Wow, that little icon is sweet. How dedja doit?

Abbadavid Berman (Hurting), Saturday, 13 May 2006 00:49 (fourteen years ago) link

sorry, sir, must try harder

tom west (thomp), Saturday, 13 May 2006 00:57 (fourteen years ago) link

Read Like A Piuma

Sons Of The Redd Desert (Ken L), Saturday, 13 May 2006 01:29 (fourteen years ago) link

Blame Tracer Hand for the emoticon.

¯\(º_o)/¯ (Chris Piuma), Saturday, 13 May 2006 02:15 (fourteen years ago) link

Dear ILB: Please googleproof my name, even though it is perhaps a futile task. Thanks.

¯\(º_o)/¯ (Chris Piuma), Saturday, 13 May 2006 03:44 (fourteen years ago) link

(I changed the name of the, uh, touching category with my name in it as well.)

¯\(º_o)/¯ (Chris Piuma), Saturday, 13 May 2006 03:45 (fourteen years ago) link

For some reason that icon is reminding me of Mr. Peanut.

Sons Of The Redd Desert (Ken L), Saturday, 13 May 2006 16:19 (fourteen years ago) link

If not his sozzled bizzaro Wacky Package brother who flacked for Plastered Peanuts.

Sons Of The Redd Desert (Ken L), Saturday, 13 May 2006 16:21 (fourteen years ago) link

"25. Tell Me A Riddle - Tillie Olson"

i started reading this about a month ago - again, not remembering that it was on this list - and had absolutely no interest in finishing it. and it's not long at all! i dunno, maybe i'll try again sometime. it just seemed so dated and obvious. nothing revolutionary or even very entertaining. apparently, she is big with writing teachers.

scott seward (scott seward), Saturday, 13 May 2006 16:24 (fourteen years ago) link

it would have made more sense if toby olson had been on the list. he's crazy.

scott seward (scott seward), Saturday, 13 May 2006 16:25 (fourteen years ago) link

15/5

anthony easton (anthony), Saturday, 13 May 2006 17:51 (fourteen years ago) link

Correction, not The Correction, I believe.

Hemoglobin Hummingbird (HemoHum), Friday, 19 May 2006 23:04 (fourteen years ago) link

i wish i had a syllabus of my own written by me that i could use to focus my reading-development.

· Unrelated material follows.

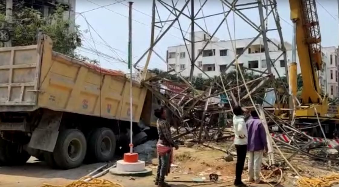 గచ్చిబౌలి(నమస్తే శేరిలింగంపల్లి): వేగంగా వెళ్తూ అదుపుతప్పిన ఓ లారీ హైటెన్షన్ స్థంబాన్ని ఢీ కొట్టడంతో విద్యుత్ తీగ తెగిపడిన ఘటన గచ్చిబౌలి పోలీస్స్టేషన్ పరిధిలో చోటు చేసుకుంది. తీగ ఎవరినీ తగలకపోవడంతో పెను ప్రమాదం తప్పింది. ఈ ఘటనకు సంబంధించిన వివరాలు ఇలా ఉన్నాయి. కొండాపూర్ రాఘవేంద్ర కాలనీలో మంగళవారం ఓ టిప్పర్ లారీ అదుపుతప్పి హైటెన్షన్ విద్యుత్ స్థంబాన్ని ఢీ కొట్టడంతో విద్యుత్ తీగ తెగి రోడ్డుపై పడింది. వెంటనే అప్రమత్తమైన ట్రాన్స్కో అధికారులు విద్యుత్ సరఫరాను నిలిపివేశారు. విషయం తెలుసుకున్న పోలీసులు సంఘటన స్థలానికి చేరుకుని తక్షణ చర్యలను చేపట్టారు. లారీ డ్రైవర్ ఘటన స్థలం నుండి పరారయ్యాడు. విద్యుత్ తీగ ఎవరికీ తగలకపోవడంతో ప్రాణనష్టం తప్పింది. ఘటన కారణంగా సుమారు రూ.1 కోటి నష్టం జరిగినట్లు ట్రాన్స్కో అధికారులు తెలుపుతున్నారు. క్రేన్ సహాయంతో విద్యుత్ తీగలకు మరమ్మత్తులు చేపట్టి సరఫరాను పునరుద్దరించే పనిలో అధికారులు ఉన్నారు.

Josh (Josh), Tuesday, 23 May 2006 06:29 (fourteen years ago) link

one year passes...

Did a bit wikiing around w/this. Of the writers I do not know a thing about I'd be v interested in Max Frisch and Kobo Abe? Anyone read 'em? ('Woman of the Dunes' the fillum is a favourite for me)

xyzzzz__, Saturday, 3 May 2008 13:53 (twelve years ago) link

as far as abe i remember liking secret rendezvous and disliking the kangaroo notebook - its pretty far out shifting stream of consciousness action - kinda a way way less disciplined calvino

jhøshea, Saturday, 3 May 2008 14:27 (twelve years ago) link

9

s1ocki, Saturday, 3 May 2008 16:50 (twelve years ago) link

Max Frisch's 'Homo Faber' is a specious bit of nonsense.
Abe's 'Woman in the Dunes' is, frankly, pretty daft, but quite a lot of fun anyway.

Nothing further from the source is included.